Despite the high contributions, French social security system is under severe financial strain due to an ageing population, which has contributed to a huge increase in spending on healthcare, pensions and unemployment benefits in recent years. 


The government has been continuously insisting on creating a single, universal points-based pensions system for all, getting rid of dozens of different special systems for sectors ranging from rail and energy workers to lawyers and Paris opera staff. But there is a major sticking point over the government’s additional aim to tinker with France’s retirement age.


French government has argued that, to balance the pension budget, workers would receive an incentive to stay in the labor force until 64 in order to take home a full pension, instead of leaving at the official retirement age of 62. Unions fear that people will be made to work longer for lower pensions by changing the retirement age.

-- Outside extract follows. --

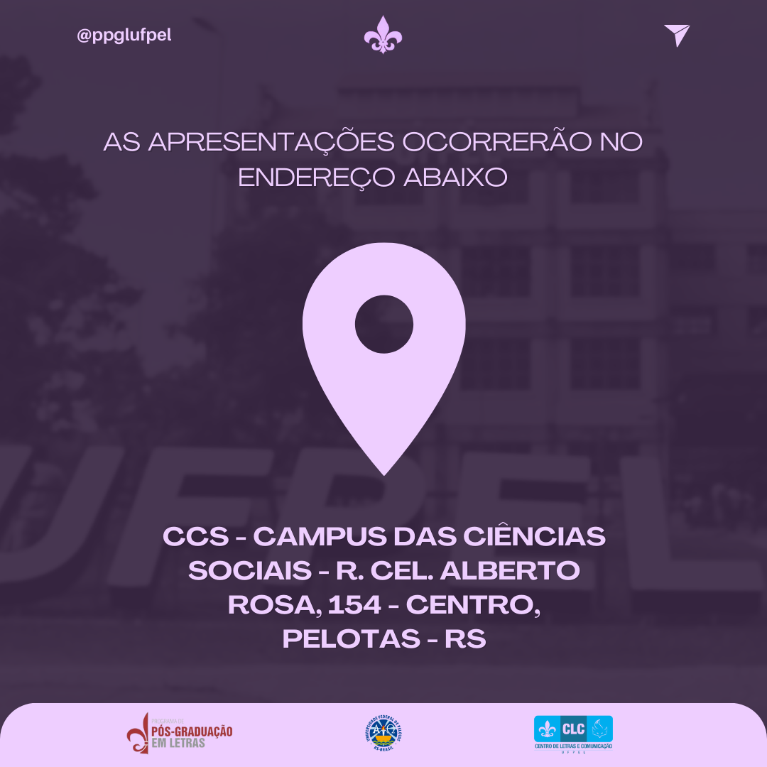Você é nosso convidado especial, estamos te esperando no Campus das Ciências Sociais (CCS), na rua Cel. Alberto Rosa, n° 154 – Centro, Pelotas-RS.

It seems very difficult for the union to find common ground with this government. The railway workers have become a target of a new pension system as many of them are allowed to retire as early as 52, with a substantial pension which is considerably higher than the average. Macron aims to overhaul pension system to offset deficit and its shrinking ratio of workers to retirees. He wants to put everybody on the same footing in a points-system accrued by the workers. This system is mainly not favored by the workers who want to preserve their gains, and is the major cause of this longest ever transport strike in France. 


It is difficult to say now whether the government will agree or compromise in order to calm the strikes but the transport workers are holding a harder line than the political leaders. Most of the rail workers in Paris have claimed they have lost so much salary during the strike that they would not give up now unless the government made major changes. 


The pension reforms were one of the key planks of Macron’s presidential manifesto which he called the biggest “transformation” of the French social model and welfare system since the post-war era. He has argued that he is not dismantling France’s social security safety net, but rather updating the deficit-plagued pensions system to ensure protection for future generations.